YOUR INSTRUCTIONS:
Retype exactly the lines of the listing below from the one with "Espejo asimétrico de" through the last, both included, and leave every picture out.
-- STORED DATA follows --
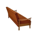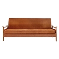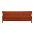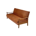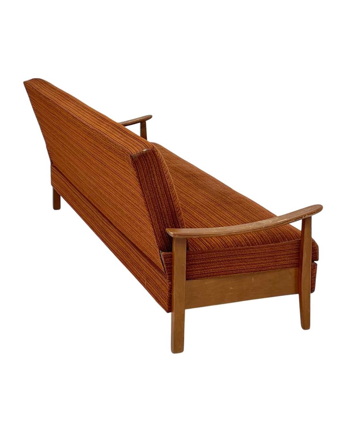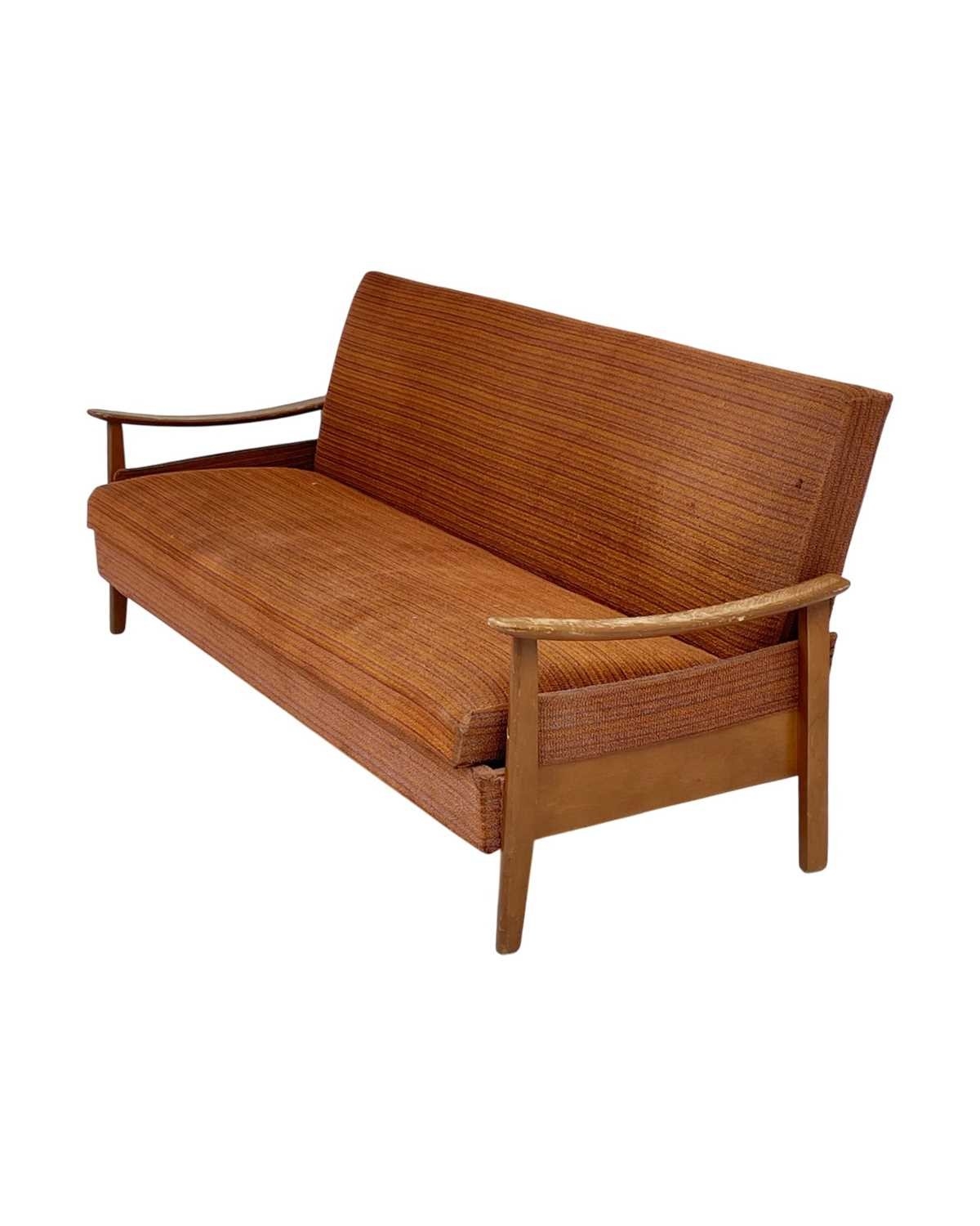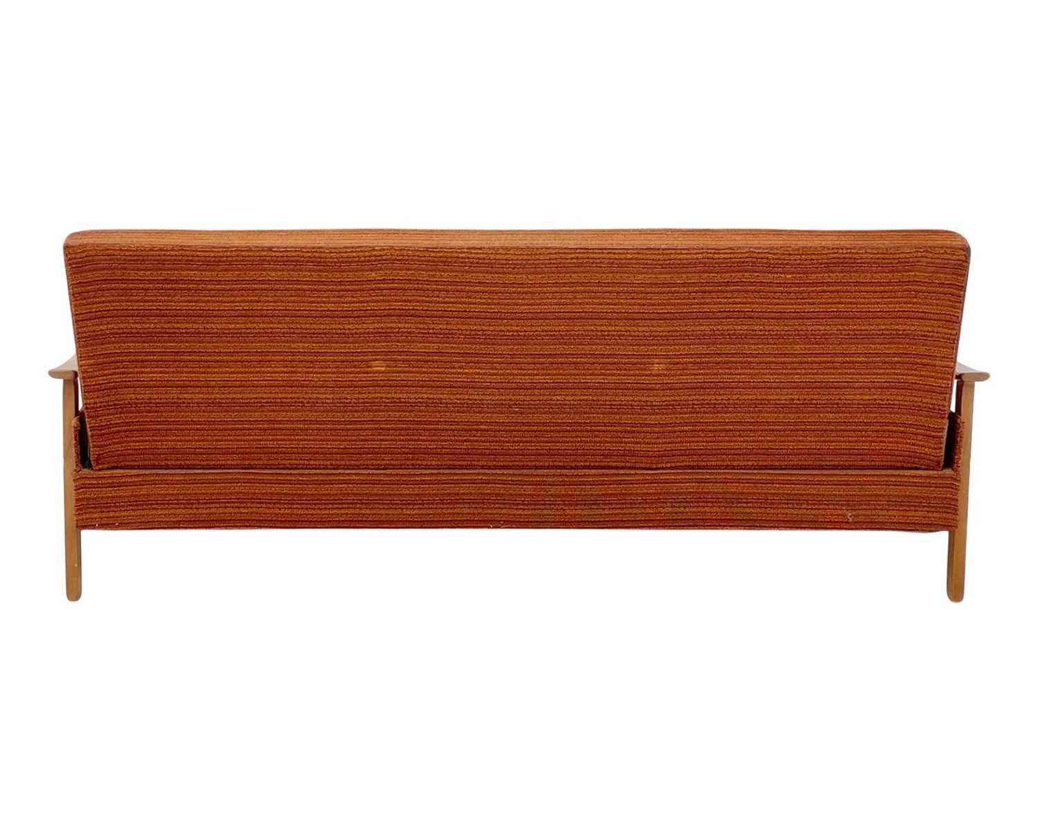 A mid-century sofa bed. With stained beech framed arms and feet, height 79cm, width 193cm, depth 74cm.
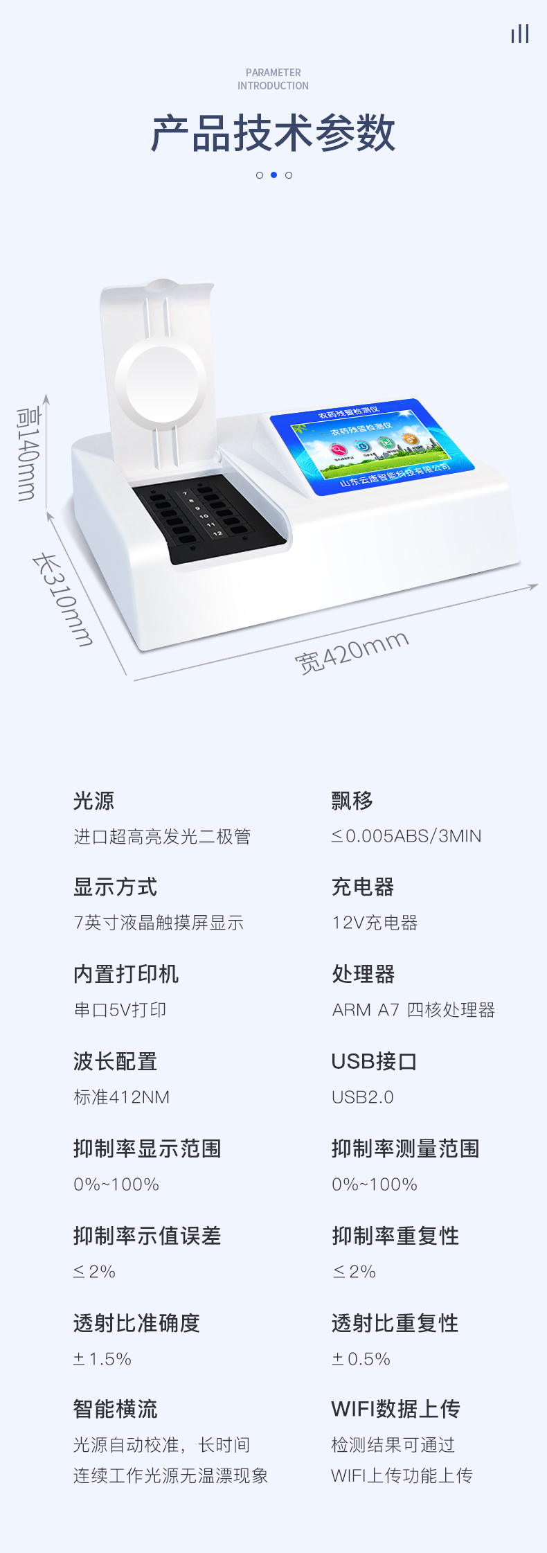 檢測標準:依據國家標準方法(GB/T5009.199-2003)以及世界衛生組織WHO、世界糧農組織FAO殘留農藥檢測標準、世界環境保護局EPA參照攝入量等要求來設計。采用酶抑制率比色法對水果、蔬菜等農林產品中有機磷和氨基甲酸酯類農藥含量進行快速準確的檢測。
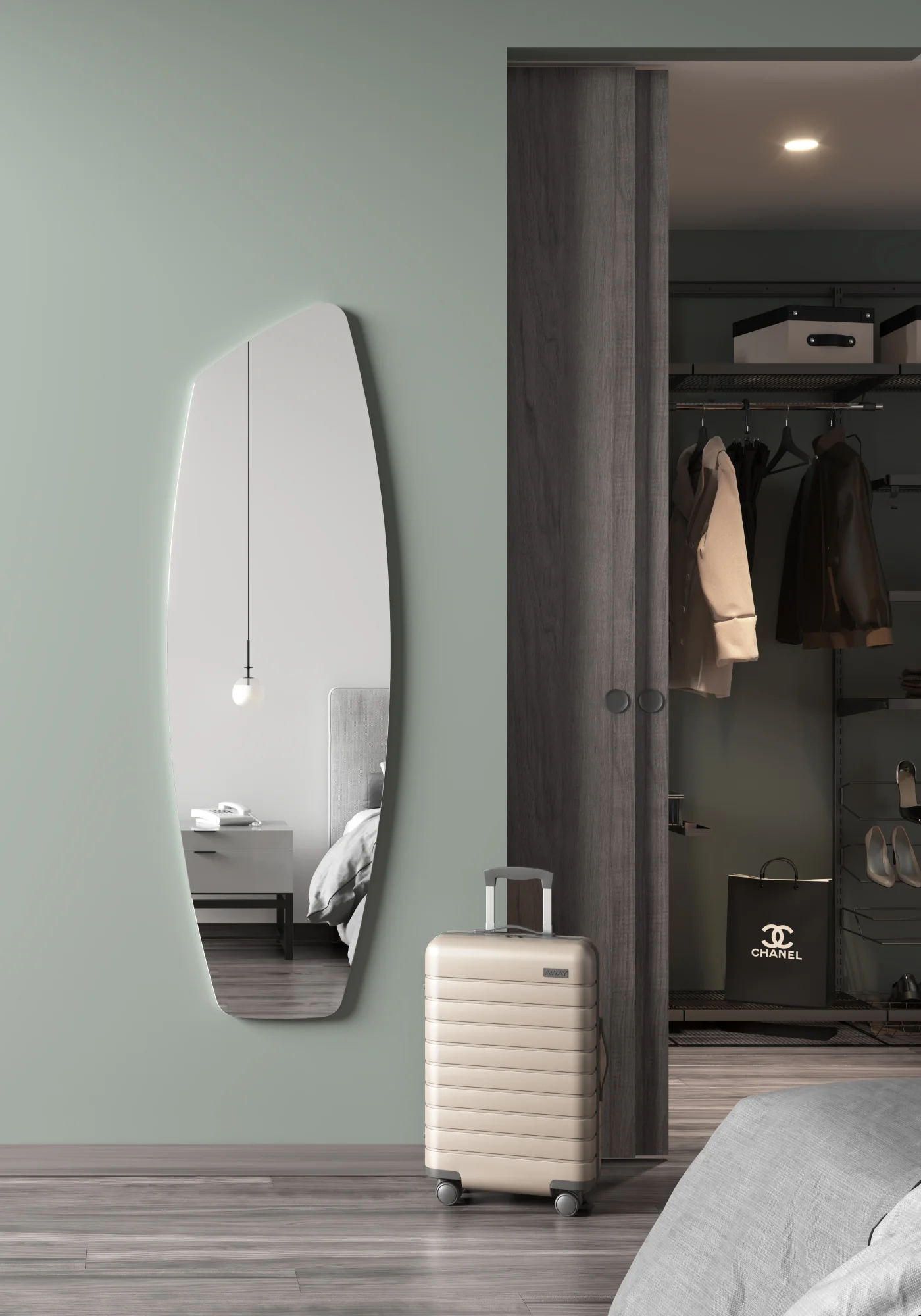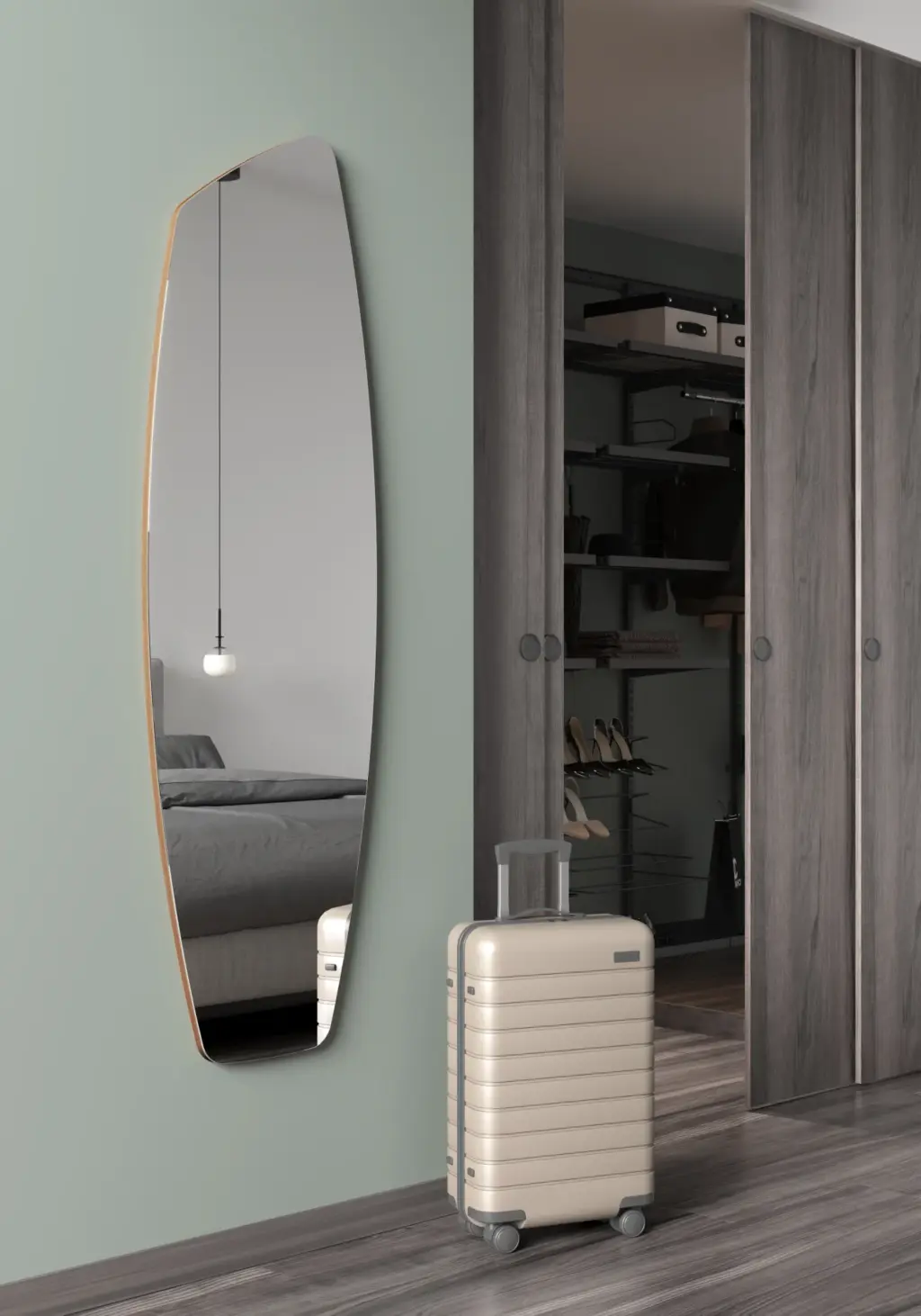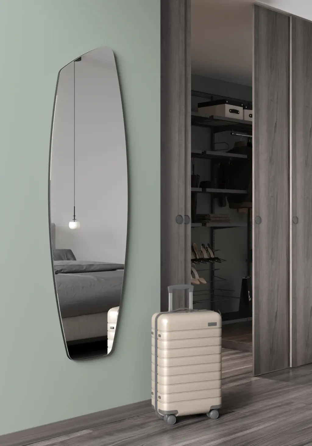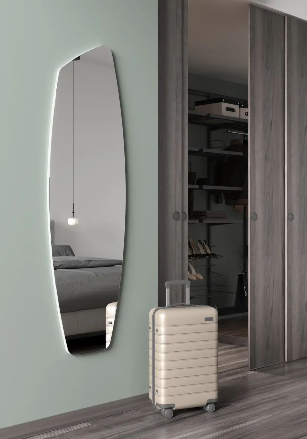 Espejo asimétrico de cuerpo entero con trasera de MDF. El perfil en madera es visible y lo podrás lacar en múltiples opciones de color para adaptarlo al estilo de tu dormitorio, de la entrada o del salón.
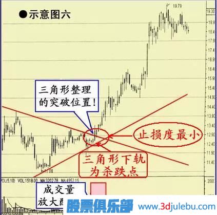 6、股價成功突破三角形整理時的買點
-- STORED DATA concluded --
ANSWER FOR THIS EXERCISE:
 Espejo asimétrico de cuerpo entero con trasera de MDF. El perfil en madera es visible y lo podrás lacar en múltiples opciones de color para adaptarlo al estilo de tu dormitorio, de la entrada o del salón.
 6、股價成功突破三角形整理時的買點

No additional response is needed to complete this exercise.